In the new study of fossils, scientists stumbled upon the mould-like unicellular organism, who were identified to be all complex life's common ancestor on Earth and is likely to have existed a billion years ago than what was earlier estimated.

Till now, it was believed that animals first came into existence on Earth around 1.5 billion years ago.

However, a team of scientists from Cardiff University found that the evidence of the ecosystem had been present in the Franceville Basin near Gabon on the Atlantic coast of Central Africa more than 1.5 billion years earlier.

The study, which was presented in Precambrian Research, spoke about a volcanic activity which is likely to have happened underwater after the collision of two continents and led to the creation of a nutrient-rich 'laboratory' which became the base for the earliest experiments that led to complex biological evolution.

The paper, which was titled "Hydrothermal seawater eutrophication triggered local macrobiological experimentation in the 2100 Ma Paleoproterozoic Francevillian sub-basin."

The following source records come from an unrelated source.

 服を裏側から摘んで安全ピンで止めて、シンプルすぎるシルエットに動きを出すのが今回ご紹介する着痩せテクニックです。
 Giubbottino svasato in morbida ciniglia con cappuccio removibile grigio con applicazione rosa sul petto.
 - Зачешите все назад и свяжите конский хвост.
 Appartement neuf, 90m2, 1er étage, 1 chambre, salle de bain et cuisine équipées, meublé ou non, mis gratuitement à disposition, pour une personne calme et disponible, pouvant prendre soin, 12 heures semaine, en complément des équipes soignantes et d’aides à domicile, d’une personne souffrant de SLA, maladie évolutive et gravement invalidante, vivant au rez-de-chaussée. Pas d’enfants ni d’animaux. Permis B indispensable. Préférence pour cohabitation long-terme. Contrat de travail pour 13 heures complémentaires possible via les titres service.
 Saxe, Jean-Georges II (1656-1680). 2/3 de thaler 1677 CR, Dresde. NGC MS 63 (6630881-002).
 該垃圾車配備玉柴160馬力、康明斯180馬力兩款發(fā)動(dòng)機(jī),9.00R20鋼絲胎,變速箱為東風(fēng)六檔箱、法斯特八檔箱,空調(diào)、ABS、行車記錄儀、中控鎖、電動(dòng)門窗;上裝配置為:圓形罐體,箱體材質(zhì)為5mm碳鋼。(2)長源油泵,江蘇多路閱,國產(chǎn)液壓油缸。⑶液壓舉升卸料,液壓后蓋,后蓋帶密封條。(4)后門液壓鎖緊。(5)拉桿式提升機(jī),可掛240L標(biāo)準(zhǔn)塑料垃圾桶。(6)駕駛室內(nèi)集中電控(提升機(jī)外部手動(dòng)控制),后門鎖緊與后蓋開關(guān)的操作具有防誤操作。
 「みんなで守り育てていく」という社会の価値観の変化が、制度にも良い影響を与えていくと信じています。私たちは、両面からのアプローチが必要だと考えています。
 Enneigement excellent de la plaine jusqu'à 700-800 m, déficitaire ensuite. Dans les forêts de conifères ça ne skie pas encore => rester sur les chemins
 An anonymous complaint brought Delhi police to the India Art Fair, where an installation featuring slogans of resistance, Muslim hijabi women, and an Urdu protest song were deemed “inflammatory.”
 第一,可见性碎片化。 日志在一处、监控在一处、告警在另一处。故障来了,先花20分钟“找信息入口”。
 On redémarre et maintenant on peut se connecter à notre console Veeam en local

The microbial bacteria without a nucleus were identified to have existed 3.7 billion years ago which challenged the theory that animal organisms started existing 635 million years ago.

Speaking to BBC News, Cardiff University’s professor Ernest Chi said, “We’re saying, look, there’s fossils here, there’s oxygen, it’s stimulated the appearance of the first complex living organisms.”

“We see the same process as in the Cambrian period, 635 million years ago — it helps back that up. It helps us understand ultimately where we have all come from,” he added.

"The availability of phosphorus in the environment is thought to be a key component in the evolution of life on Earth, especially in the transition from simple single-cell organisms to complex organisms like animals and plants," he further said.

"We already know that increases in marine phosphorus and seawater oxygen concentrations are linked to an episode of biological evolution around 635 million years ago. Our study adds another, much earlier episode into the record, 2.1 billion years ago," Chi said.